EXERCISE
Omit every picture while repeating the entries exactly.

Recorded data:
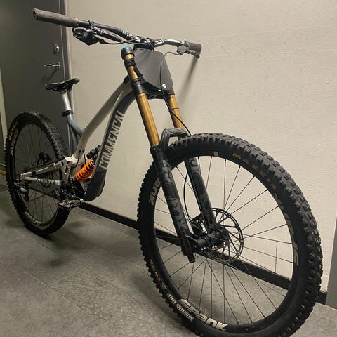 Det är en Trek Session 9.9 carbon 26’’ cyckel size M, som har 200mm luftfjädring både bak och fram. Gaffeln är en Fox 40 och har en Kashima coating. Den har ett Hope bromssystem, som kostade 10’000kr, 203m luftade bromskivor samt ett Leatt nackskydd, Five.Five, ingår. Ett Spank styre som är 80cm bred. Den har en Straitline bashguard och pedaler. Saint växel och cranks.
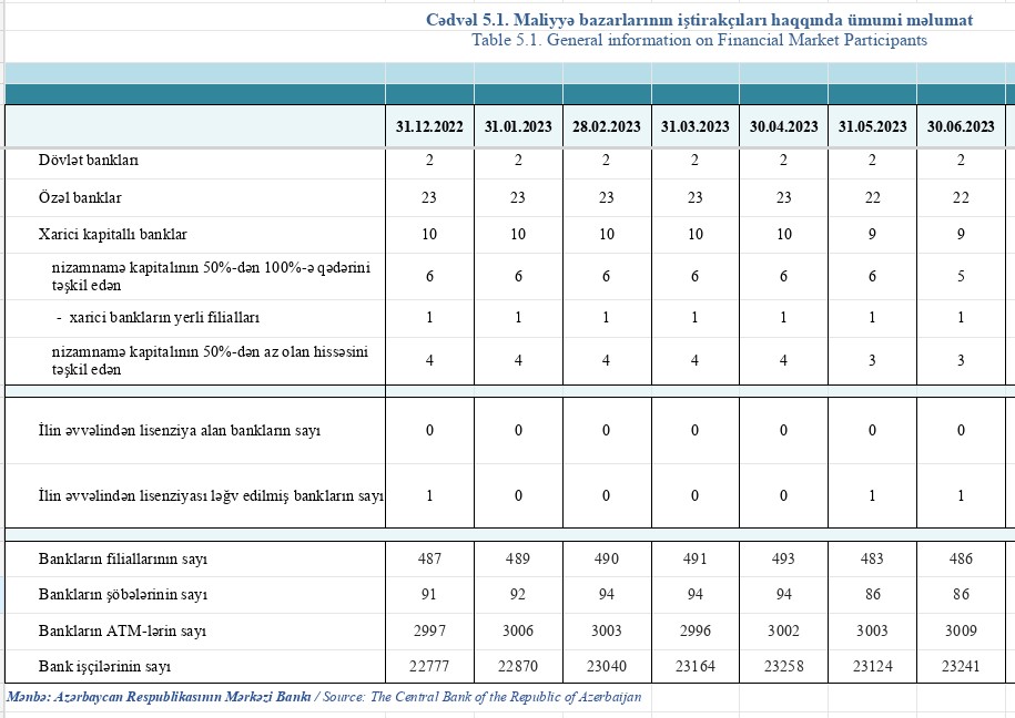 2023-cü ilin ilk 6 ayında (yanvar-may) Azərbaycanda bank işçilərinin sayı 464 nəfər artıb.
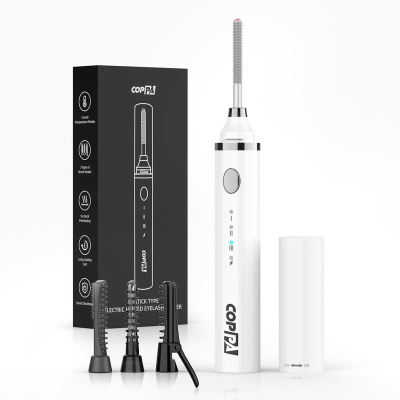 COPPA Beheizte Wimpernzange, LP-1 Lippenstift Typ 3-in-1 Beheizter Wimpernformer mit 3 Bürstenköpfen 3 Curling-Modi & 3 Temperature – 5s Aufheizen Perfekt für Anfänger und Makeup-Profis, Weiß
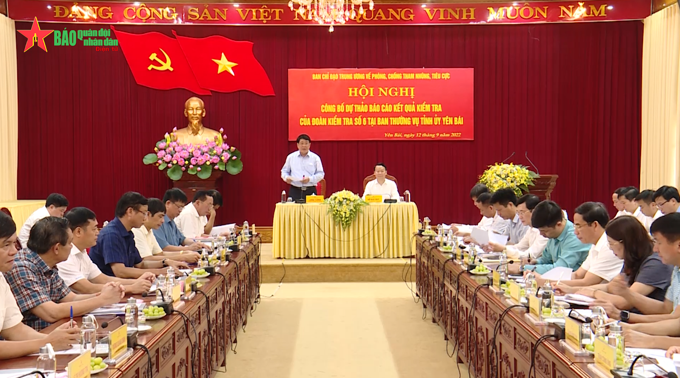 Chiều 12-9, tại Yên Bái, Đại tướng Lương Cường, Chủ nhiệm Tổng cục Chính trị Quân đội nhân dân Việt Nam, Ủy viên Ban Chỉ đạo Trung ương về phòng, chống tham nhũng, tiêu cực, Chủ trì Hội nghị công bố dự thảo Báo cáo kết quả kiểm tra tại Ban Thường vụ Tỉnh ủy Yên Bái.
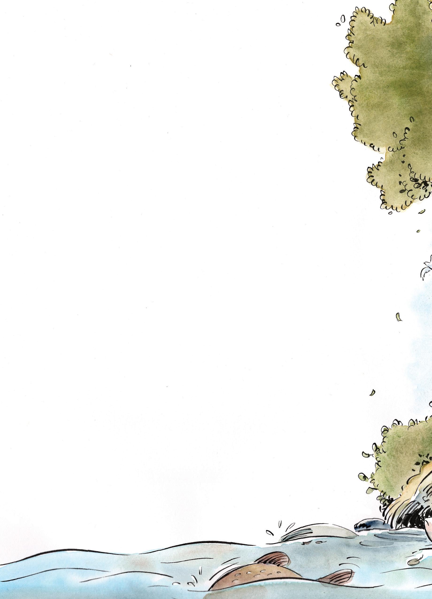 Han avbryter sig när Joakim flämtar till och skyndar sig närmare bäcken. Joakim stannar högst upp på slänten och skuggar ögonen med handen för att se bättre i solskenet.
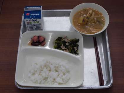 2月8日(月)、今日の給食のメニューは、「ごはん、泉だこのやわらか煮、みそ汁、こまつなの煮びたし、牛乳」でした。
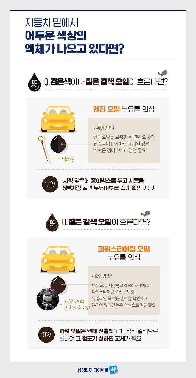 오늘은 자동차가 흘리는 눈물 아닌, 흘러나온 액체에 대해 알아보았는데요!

WRITTEN RESPONSE
 Det är en Trek Session 9.9 carbon 26’’ cyckel size M, som har 200mm luftfjädring både bak och fram. Gaffeln är en Fox 40 och har en Kashima coating. Den har ett Hope bromssystem, som kostade 10’000kr, 203m luftade bromskivor samt ett Leatt nackskydd, Five.Five, ingår. Ett Spank styre som är 80cm bred. Den har en Straitline bashguard och pedaler. Saint växel och cranks.
 2023-cü ilin ilk 6 ayında (yanvar-may) Azərbaycanda bank işçilərinin sayı 464 nəfər artıb.
 COPPA Beheizte Wimpernzange, LP-1 Lippenstift Typ 3-in-1 Beheizter Wimpernformer mit 3 Bürstenköpfen 3 Curling-Modi & 3 Temperature – 5s Aufheizen Perfekt für Anfänger und Makeup-Profis, Weiß
 Chiều 12-9, tại Yên Bái, Đại tướng Lương Cường, Chủ nhiệm Tổng cục Chính trị Quân đội nhân dân Việt Nam, Ủy viên Ban Chỉ đạo Trung ương về phòng, chống tham nhũng, tiêu cực, Chủ trì Hội nghị công bố dự thảo Báo cáo kết quả kiểm tra tại Ban Thường vụ Tỉnh ủy Yên Bái.
 Han avbryter sig när Joakim flämtar till och skyndar sig närmare bäcken. Joakim stannar högst upp på slänten och skuggar ögonen med handen för att se bättre i solskenet.
 2月8日(月)、今日の給食のメニューは、「ごはん、泉だこのやわらか煮、みそ汁、こまつなの煮びたし、牛乳」でした。
 오늘은 자동차가 흘리는 눈물 아닌, 흘러나온 액체에 대해 알아보았는데요!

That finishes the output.